Does anyone know where I can get the plans for this engine?

Thanks,
Dan


----------



## Deferr (Apr 20, 2011)

They are in Senft's book "Miniature Ringbom Engines". I included a link below for the Moriya Press website. I believe they are the publisher. If you are interested in stirling engines, I highly recommend the book. There are 2 other Ringbom engine plans included as well as a good conceptual description of their operation. That is the book I am using to build mine.

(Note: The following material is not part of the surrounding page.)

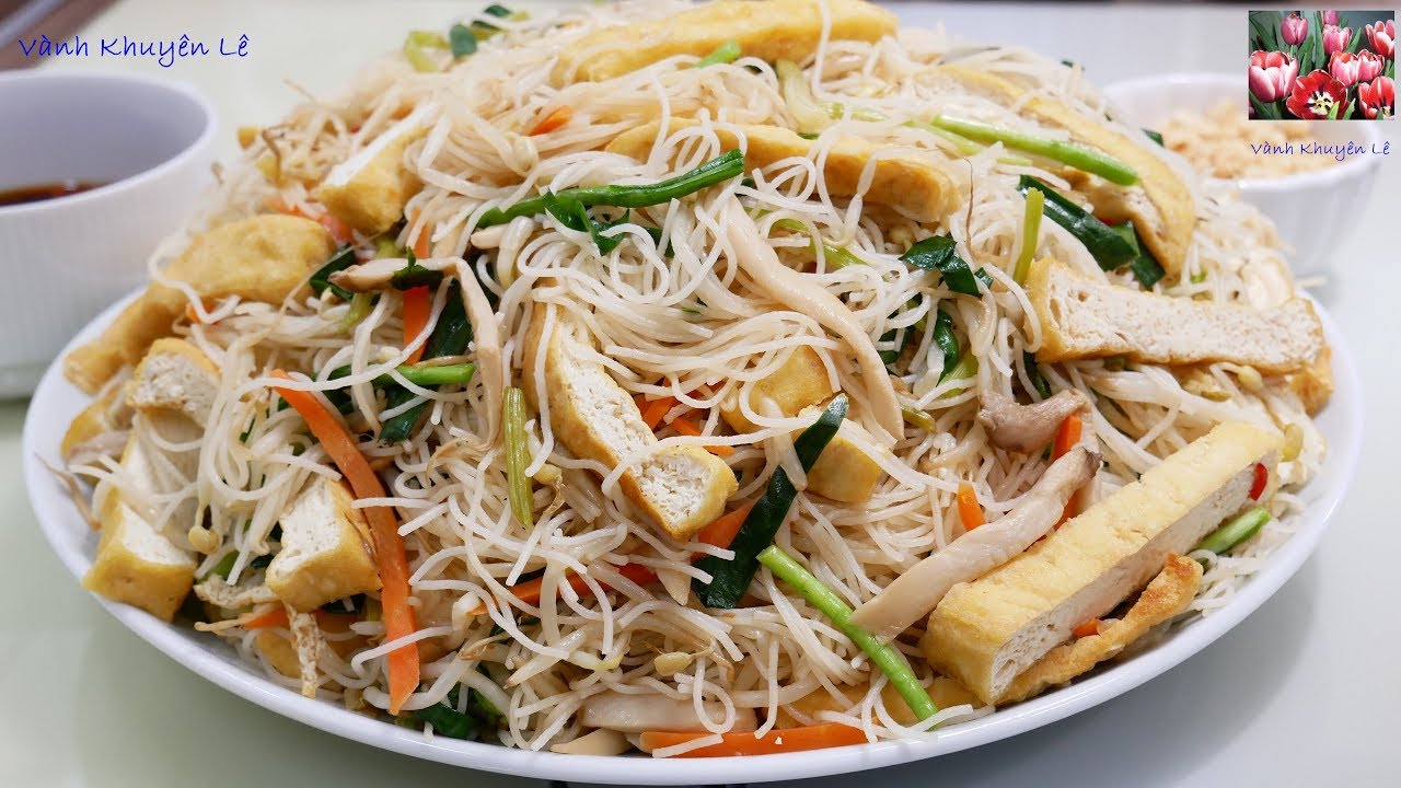 Sau khi ngâm, bạn vớt bún ra và xả lại với nước lạnh để ráo. Tiếp theo, hãy thái sợi cà rốt, đậu hũ, và nấm bào ngư, nấm đùi gà để tạo sự đa dạng cho món ăn. Khi tất cả đã sẵn sàng, chỉ cần xào chung với nước sốt đậm đà. Một mẹo nhỏ là nên xếp bún vào tô cùng với xà lách, dưa leo cắt sợi, giá đỗ và cà rốt để tăng thêm màu sắc cho món ăn.

http://www.moriya-press.com/miniature_ringbom_engines.html


----------



## fcheslop (Apr 20, 2011)

Hi ,Its also available from Camden Miniature Steam Services in the U.K
Best wishes Frazer


----------



## Tin Falcon (Apr 20, 2011)

I believe these are basically self publishes By Dr Senf or he owns Moriya press. 
dealers list here http://www.moriya-press.com/where_to_purchase.html
tin


----------



## deverett (Apr 26, 2011)

Tapper was serialised in Model Engineer many moons ago, probably sometime in the 90's.

Dave
The Emerald Isle


----------



## doc1955 (Apr 26, 2011)

Here is a link to a build I did last winter. It was my version of the Ringbom. They turned out and run quite well.
I still plan on putting one for sale to help out our local animal shelter.
Ringbom build.


----------